Got the Rogers & Spencer Out to the Range

Tonight I got the Euroarms Rogers & Spencer percussion revolver out to the range.

The load I used consisted of .454 balls that I cast last weekend, the wads I made last week lubed with neatsfoot oil, 30 grains of Swiss FFFg black powder, and Remington No.10 caps. This has mild recoil and good accuracy in this gun.

Accuracy was good. Here are my first 18 shots fired one handed at 7 yards:

My point of aim was at 6 o'clock on the bull. The dark spots on the cardboard backer are from the felt wads.

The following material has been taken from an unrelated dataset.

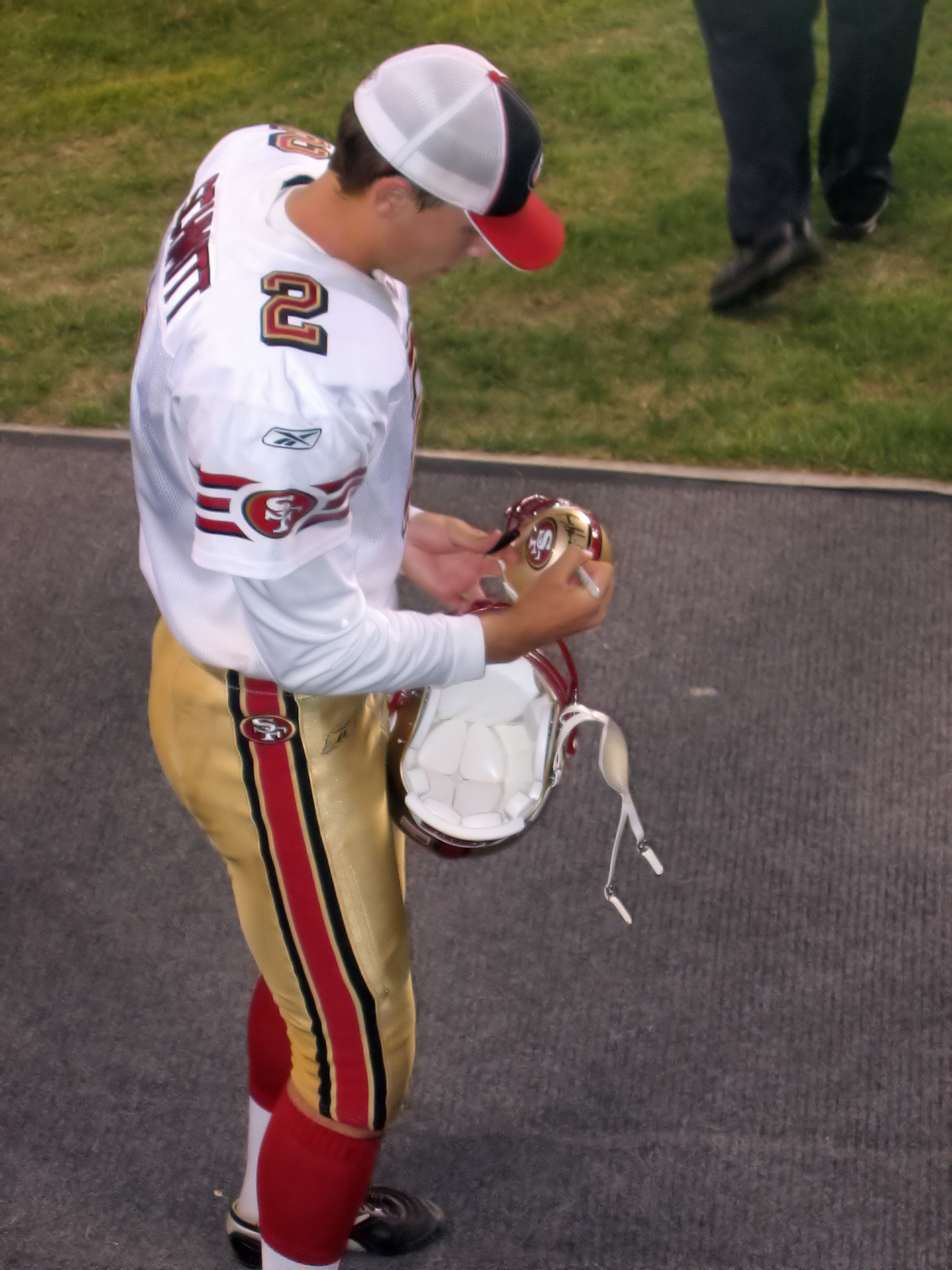 Ricky Schmitt signing a helmet at the 2008 Bears-49ers preseason game.

And this was my final 6 shots:

The sights on the R&S suck by modern standards. The rear is a V-notch milled into the top strap, while the front is a small brass cone. Seeing the front sight under florescent lighting is a real challenge with middle aged eyes. I'm happy with these groups.

The wads lubed with neatsfoot oil appeared to work at least as well as wads lubed with 50/50 beeswax/mutton tallow. I examined a few wads after firing. The side toward the powder was black and they were dry to the touch, but they remained intact. I could probably rinse them out and relube them after they dried, and reuse them at least once.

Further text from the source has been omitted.